--- WHAT THE TASK ASKS ---
Please repeat, exactly and without pictures, the lines of the entries below that run from the one containing "E scioccante la" through the one containing "ਉਨ੍ਹਾਂ ਦੱਸਿਆ ਕਿ".

====== INFORMATION SUPPLIED ======

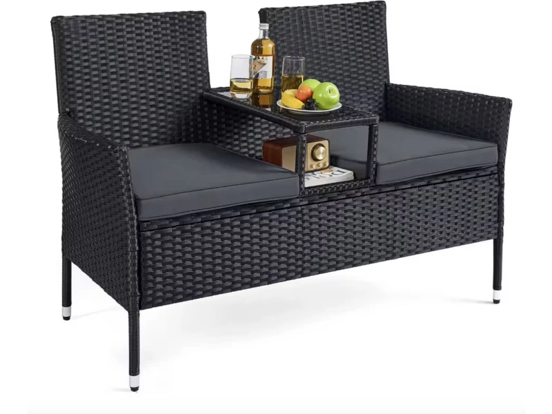 Ligstoel en schommelbank met weerbestendig ontwerp – Beige 360ยฐ schommelbeweging
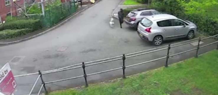 E scioccante la scena che riprende l’uomo che dopo aver fatto irruzione in casa di una coppia a King’s Heath, Birmingham ha rapito entrambi i cani di famiglia.
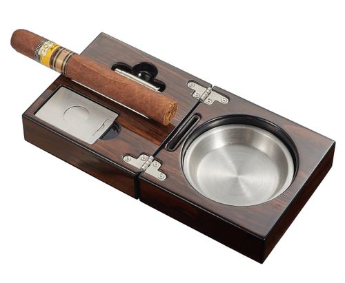 Maintain an orgainized room and keep all your smoking accessories safely together. The Tamal is more than a handsome wooden box and upon opening, transforms into a cigar assistant. A cigar cutter is provided for a clean slice on your 54 ring gauge cigars with a single stainless steel blade. A 7 mm punch, with poker, is also included should you prefer a punch cut. After lightering up your stogie, take advantage of the built-in ashtray with removable basin for easy clean-up. With so many features, the Tamal deserves a special invitiation to your next smoke.
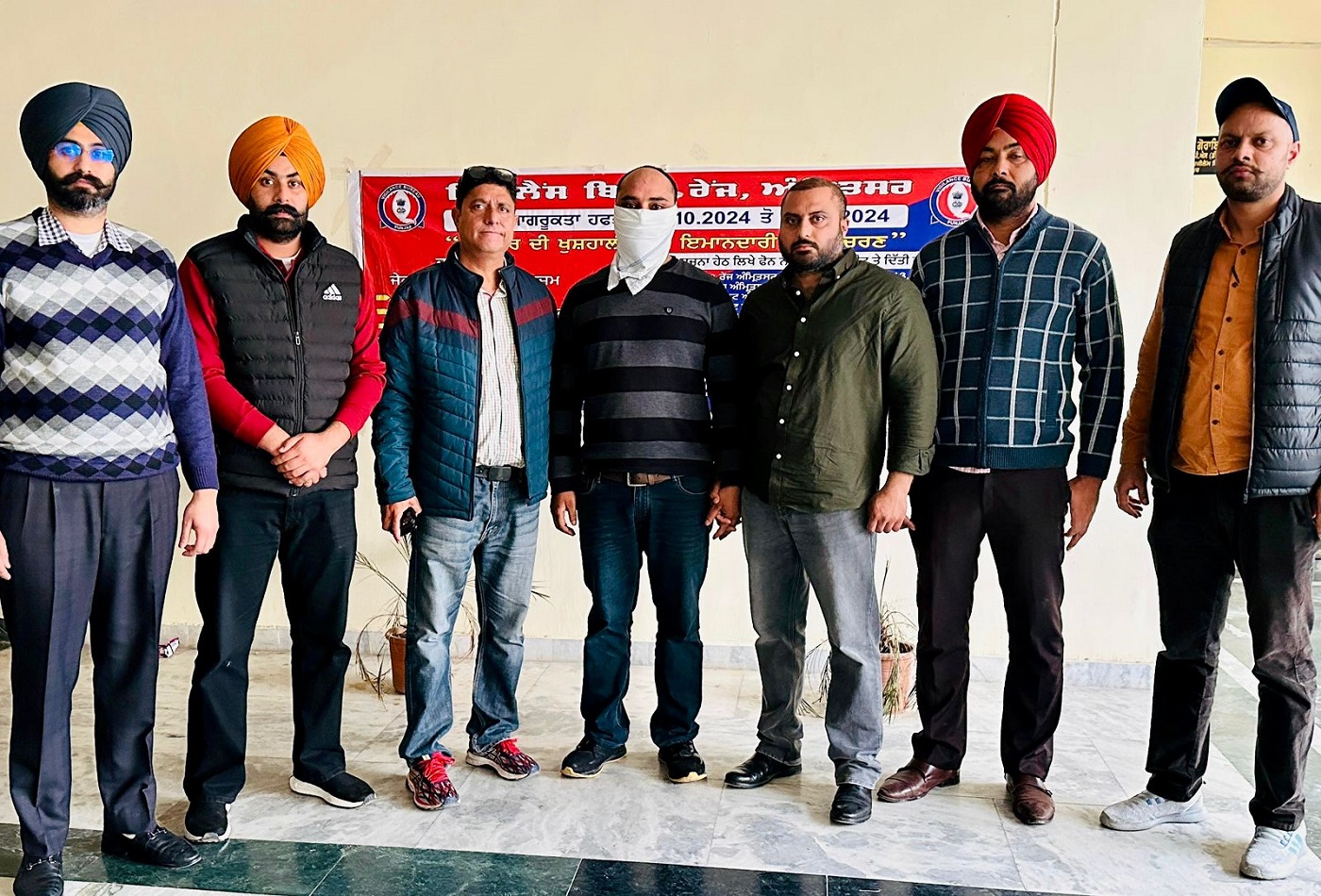 ਉਨ੍ਹਾਂ ਦੱਸਿਆ ਕਿ ਇਸ ਸਬੰਧੀ ਭ੍ਰਿਸ਼ਟਾਚਾਰ ਰੋਕੂ ਕਾਨੂੰਨ ਤਹਿਤ ਵਿਜੀਲੈਂਸ ਬਿਊਰੋ ਦੇ ਥਾਣਾ, ਅੰਮ੍ਰਿਤਸਰ ਰੇਂਜ ਵਿਖੇ ਮੁਕੱਦਮਾ ਦਰਜ ਕੀਤਾ ਗਿਆ ਹੈ। ਉਨ੍ਹਾਂ ਅੱਗੇ ਦੱਸਿਆ ਕਿ ਮੁਲਜ਼ਮ ਨੂੰ ਭਲਕੇ ਅਦਾਲਤ ਵਿੱਚ ਪੇਸ਼ ਕੀਤਾ ਜਾਵੇਗਾ ਅਤੇ ਇਸ ਮਾਮਲੇ ਦੀ ਅਗਲੇਰੀ ਜਾਂਚ ਜਾਰੀ ਹੈ।
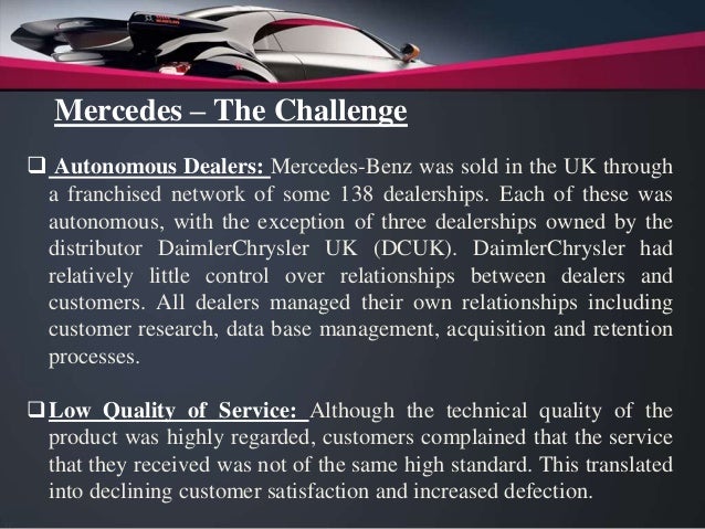 Students from any part of the world - be it Customer Relationship Management Case Study Mercedes Benz the UAE or USA Saudi Arabia or China Germany or Spain. Mercedes-Benz CEO Gets Tougher on Customer Service. Mercedes-Benz was sold in the UK through a franchised network of some 138 dealerships.
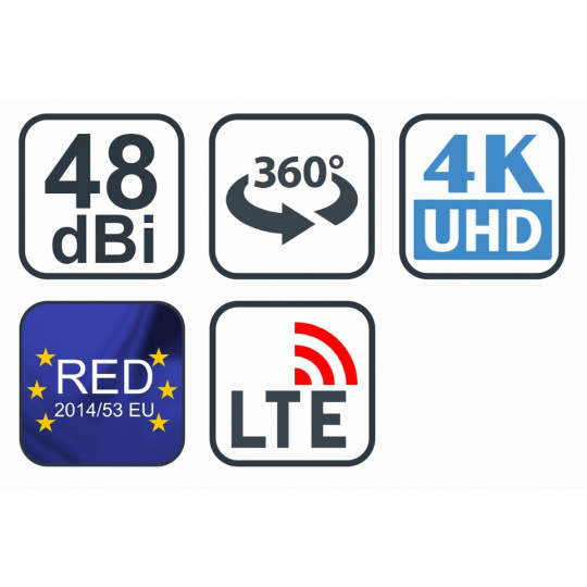 Nová větší verze populární venkovní antény s přijímacím úhlem 360° s kabelem 10m a redukcí IEC female/F male. Nová verze má průměr 380 mm.
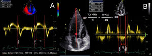 | C.2.2. Índice de Tei o índice de funcionamiento miocárdico (IFM) o índice de performance miocárdico. Permite hacer una estimación global tanto de la función sistólica como de la diastólica ventricular (derecha o izquierda). Está basado en la relación del trabajo eyectivo y no eyectivo del corazón. Se define como la relación entre la suma del tiempo de relajación isovolumétrica y de la contracción isovolumétrica, dividido por el tiempo eyectivo (índice Tei =TRIV +TCIV) /TE). Índice pronóstico poco utilizado en la práctica clínica, tendiendo a aumentar en caso de disfunción ventricular sistólica y/o diastólica.Es un método simple de obtener, reproducible, independiente de la frecuencia cardíaca y de la presión arterial, y es útil para estimar la severidad y el pronóstico de la afectación miocárdica y como predictor de disfunción postoperatoria ventricular izquierda en pacientes con insuficiencia mitral con fracción eyectiva aparentemente normal (4). Un índice Tei preoperatorio >0,5 permite predecir la disfunción postoperatoria del VI en pacientes con IM con FE aparentemente normal. Podemos medirlo mediante Doppler tisular a nivel del anillo mitral (A) o Doppler espectral pulsado, colocando el volumen de muestra amplio entre el TSVI y la mitral (B). El DTI puede utilizarse también para medir el índice Tei del VD, teniendo en cuenta que el TRIV del VD es prácticamente inexistente en el VD normal. Es un parámetro no influido por la frecuencia cardiaca ni la precarga que ha demostrado correlación con la severidad y el pronóstico de diversas patologías que afectan al VD. Su valor normal por DTI es de 0,39, considerándose patológico cuando es superior a 0,55. | ||

======

--- OUTPUT FOR THIS TASK ---
 E scioccante la scena che riprende l’uomo che dopo aver fatto irruzione in casa di una coppia a King’s Heath, Birmingham ha rapito entrambi i cani di famiglia.
 Maintain an orgainized room and keep all your smoking accessories safely together. The Tamal is more than a handsome wooden box and upon opening, transforms into a cigar assistant. A cigar cutter is provided for a clean slice on your 54 ring gauge cigars with a single stainless steel blade. A 7 mm punch, with poker, is also included should you prefer a punch cut. After lightering up your stogie, take advantage of the built-in ashtray with removable basin for easy clean-up. With so many features, the Tamal deserves a special invitiation to your next smoke.
 ਉਨ੍ਹਾਂ ਦੱਸਿਆ ਕਿ ਇਸ ਸਬੰਧੀ ਭ੍ਰਿਸ਼ਟਾਚਾਰ ਰੋਕੂ ਕਾਨੂੰਨ ਤਹਿਤ ਵਿਜੀਲੈਂਸ ਬਿਊਰੋ ਦੇ ਥਾਣਾ, ਅੰਮ੍ਰਿਤਸਰ ਰੇਂਜ ਵਿਖੇ ਮੁਕੱਦਮਾ ਦਰਜ ਕੀਤਾ ਗਿਆ ਹੈ। ਉਨ੍ਹਾਂ ਅੱਗੇ ਦੱਸਿਆ ਕਿ ਮੁਲਜ਼ਮ ਨੂੰ ਭਲਕੇ ਅਦਾਲਤ ਵਿੱਚ ਪੇਸ਼ ਕੀਤਾ ਜਾਵੇਗਾ ਅਤੇ ਇਸ ਮਾਮਲੇ ਦੀ ਅਗਲੇਰੀ ਜਾਂਚ ਜਾਰੀ ਹੈ।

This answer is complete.